(Items listed in a dataset)
- - - - -
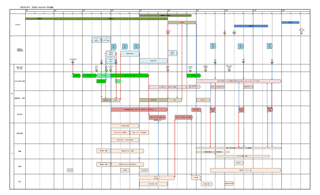 当社では作業にあたり、プロモーションテーブル(設計BIM工程)を作成の上、キックオフ会議を行い、目標設定と業務の役割を関係者と協議し、明確にしていきますので、わかりやすく進めていくことができます。
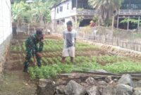 BONE – Babinsa Koramil 1407-05/Ulaweng Serda Asri Rais dampingi warga dalam pemanfaatan lahan di sekitar pemukiman dengan menanam bibit kangkung di Desa Tadangpalie, Kec….
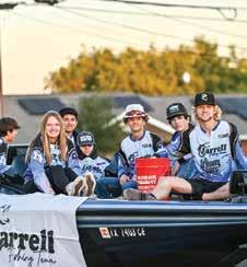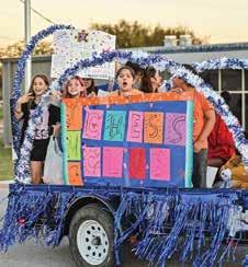 Not much gets the community of Jarrell as excited as the annual home coming parade. Families eagerly line up along the parade route as the kids wait in anticipation for mounds of candy to be collected as each float passes by. This year’s parade did not disappoint as each float was unique ly decorated and packed with kids supporting the clubs and organizations represented. The parade and the streets were a sea of blue and white as far as the eye could see. The parade concluded with a community pep ral ly at the football field and of course the lighting of the signature “JC”.
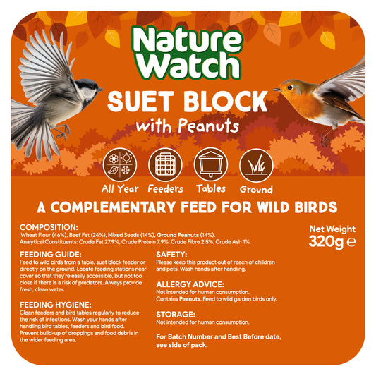 Suet Block Bird Feed With Peanuts By Nature Watch - 320g
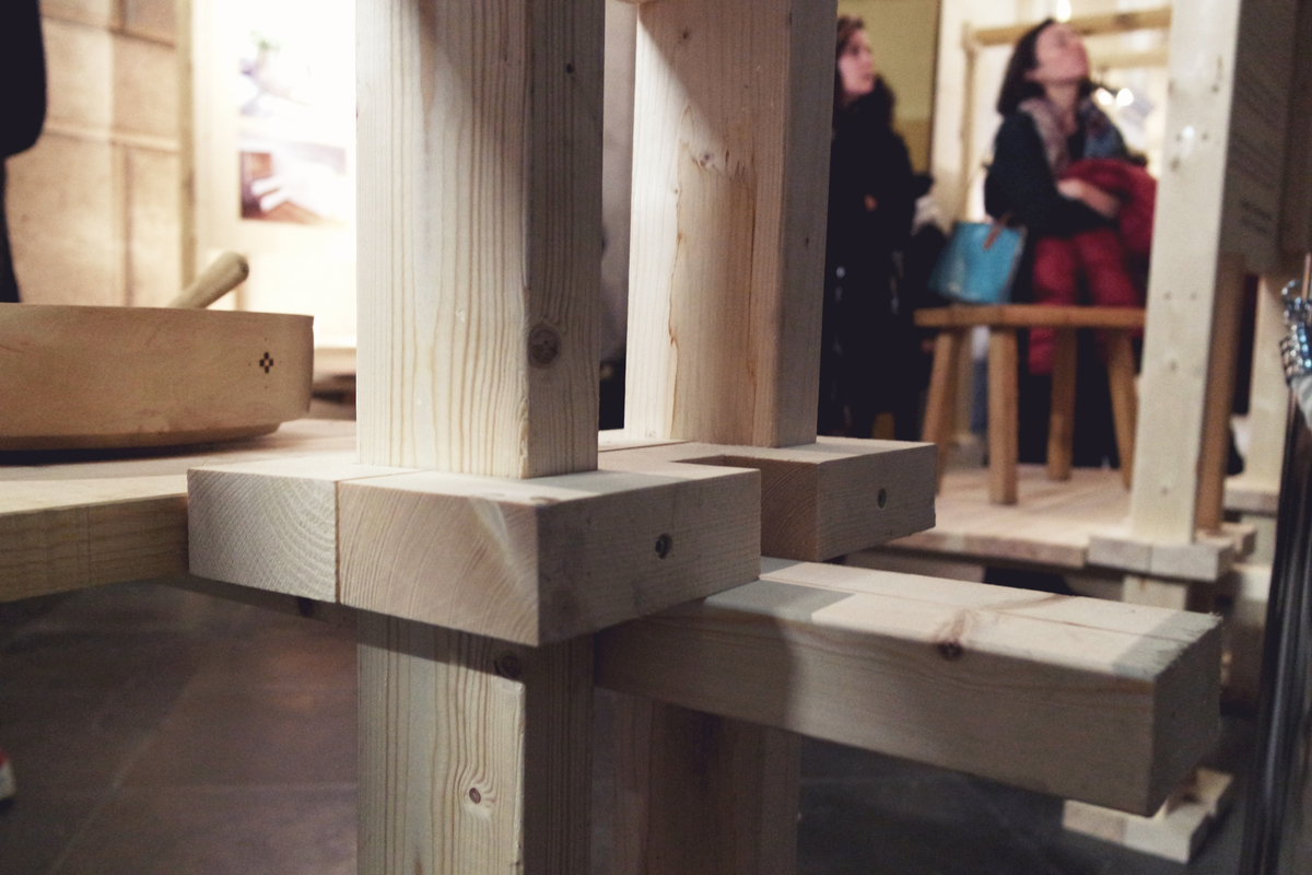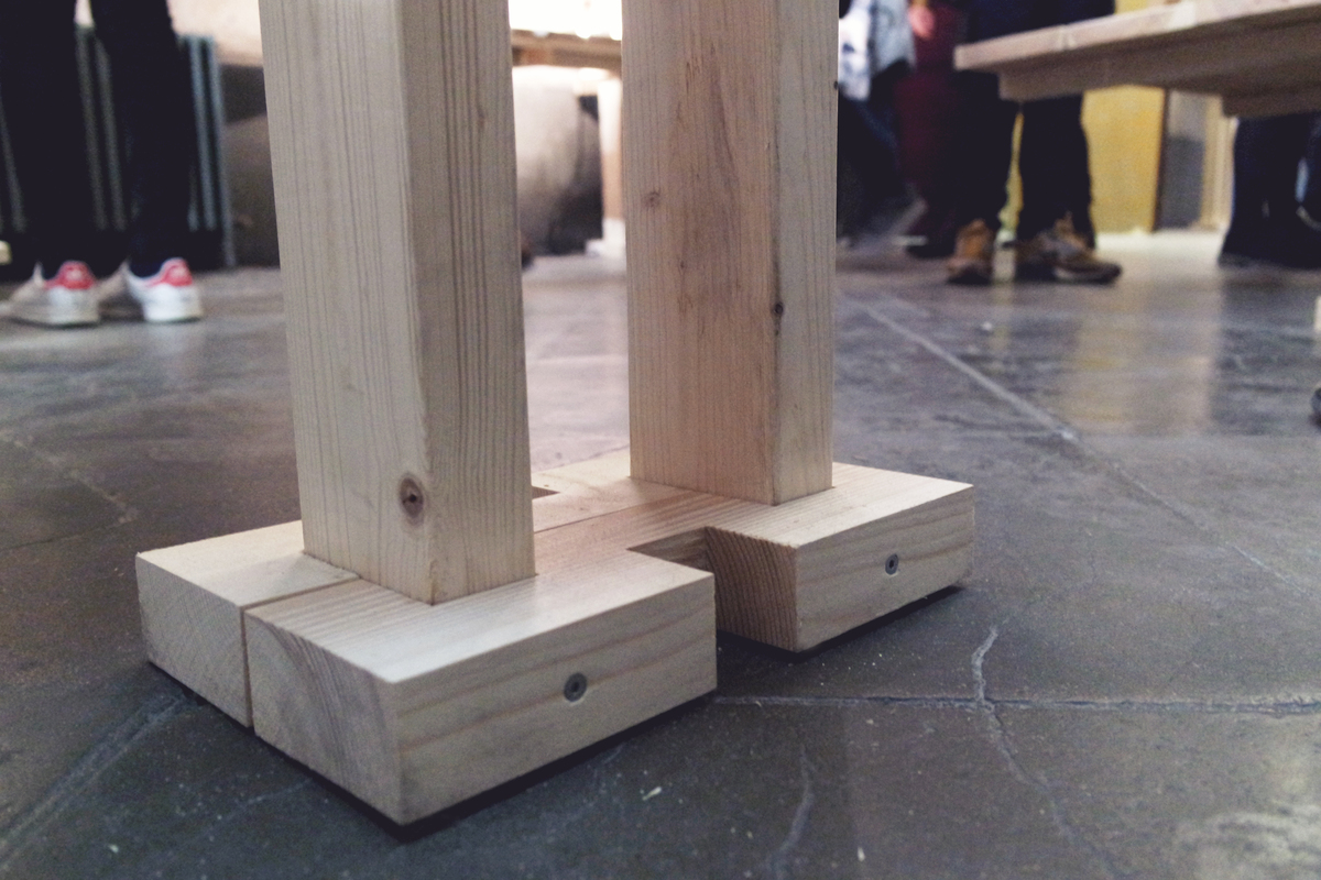 Le Bureau Baroque a mis du bois de « passage » à disposition pour réaliser l’intégralité de la scénographie. Ce bois de réemploi fut prêté pour l’exposition et a du être rendu en l’état pour être de nouveau réemployé. Cette exigence a été notre règle du jeu : pas de découpes ou d’usinages dans les montants et panneaux de bois. Ainsi, une répartition minutieuse des éléments a été réalisé suivant leurs dimensions. Et des pièces d’assemblages ont été inventé afin de pouvoir créer les structures nécessaires à l’exposition.
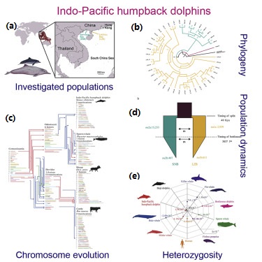 (a)中華白海豚在中國南海西北部雷州灣和三娘灣的種群分布;(b)中華白海豚種群系統(tǒng)發(fā)育樹;(c)中華白海豚染色體演化;(d)中華白海豚的種群動(dòng)態(tài);(e)雷州灣和三娘灣中華白海豚種群與其他哺乳動(dòng)物雜合度的比較
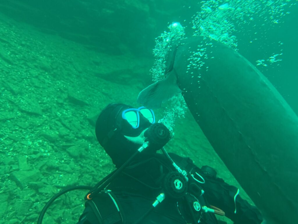 The group was also split between dry suit divers and wetsuit divers, each finding their own comfort zone in the fresh quarry water. The variety didn’t just add color—it made for great conversations, tips, and shared learning between dives.
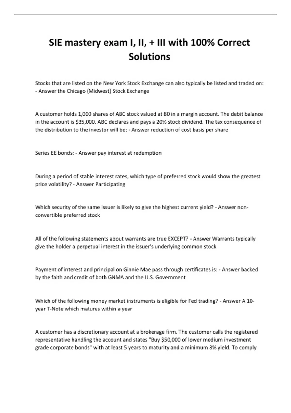 SIE mastery exam I, II, + III with 100% Correct Solutions
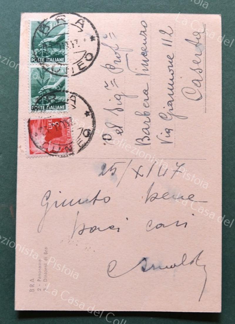 BRA, Cuneo. Panorama e dintorni. Cartolina d'epoca formato grande, viaggiata nel 1947. (Rif.F4272)
- - - - -
DESCRIPTION OF THE TASK:
Retype each record exactly as it appears above and drop the images.

RESPONSE BELOW:
 当社では作業にあたり、プロモーションテーブル(設計BIM工程)を作成の上、キックオフ会議を行い、目標設定と業務の役割を関係者と協議し、明確にしていきますので、わかりやすく進めていくことができます。
 BONE – Babinsa Koramil 1407-05/Ulaweng Serda Asri Rais dampingi warga dalam pemanfaatan lahan di sekitar pemukiman dengan menanam bibit kangkung di Desa Tadangpalie, Kec….
 Not much gets the community of Jarrell as excited as the annual home coming parade. Families eagerly line up along the parade route as the kids wait in anticipation for mounds of candy to be collected as each float passes by. This year’s parade did not disappoint as each float was unique ly decorated and packed with kids supporting the clubs and organizations represented. The parade and the streets were a sea of blue and white as far as the eye could see. The parade concluded with a community pep ral ly at the football field and of course the lighting of the signature “JC”.
 Suet Block Bird Feed With Peanuts By Nature Watch - 320g
 Le Bureau Baroque a mis du bois de « passage » à disposition pour réaliser l’intégralité de la scénographie. Ce bois de réemploi fut prêté pour l’exposition et a du être rendu en l’état pour être de nouveau réemployé. Cette exigence a été notre règle du jeu : pas de découpes ou d’usinages dans les montants et panneaux de bois. Ainsi, une répartition minutieuse des éléments a été réalisé suivant leurs dimensions. Et des pièces d’assemblages ont été inventé afin de pouvoir créer les structures nécessaires à l’exposition.
 (a)中華白海豚在中國南海西北部雷州灣和三娘灣的種群分布;(b)中華白海豚種群系統(tǒng)發(fā)育樹;(c)中華白海豚染色體演化;(d)中華白海豚的種群動(dòng)態(tài);(e)雷州灣和三娘灣中華白海豚種群與其他哺乳動(dòng)物雜合度的比較
 The group was also split between dry suit divers and wetsuit divers, each finding their own comfort zone in the fresh quarry water. The variety didn’t just add color—it made for great conversations, tips, and shared learning between dives.
 SIE mastery exam I, II, + III with 100% Correct Solutions
 BRA, Cuneo. Panorama e dintorni. Cartolina d'epoca formato grande, viaggiata nel 1947. (Rif.F4272)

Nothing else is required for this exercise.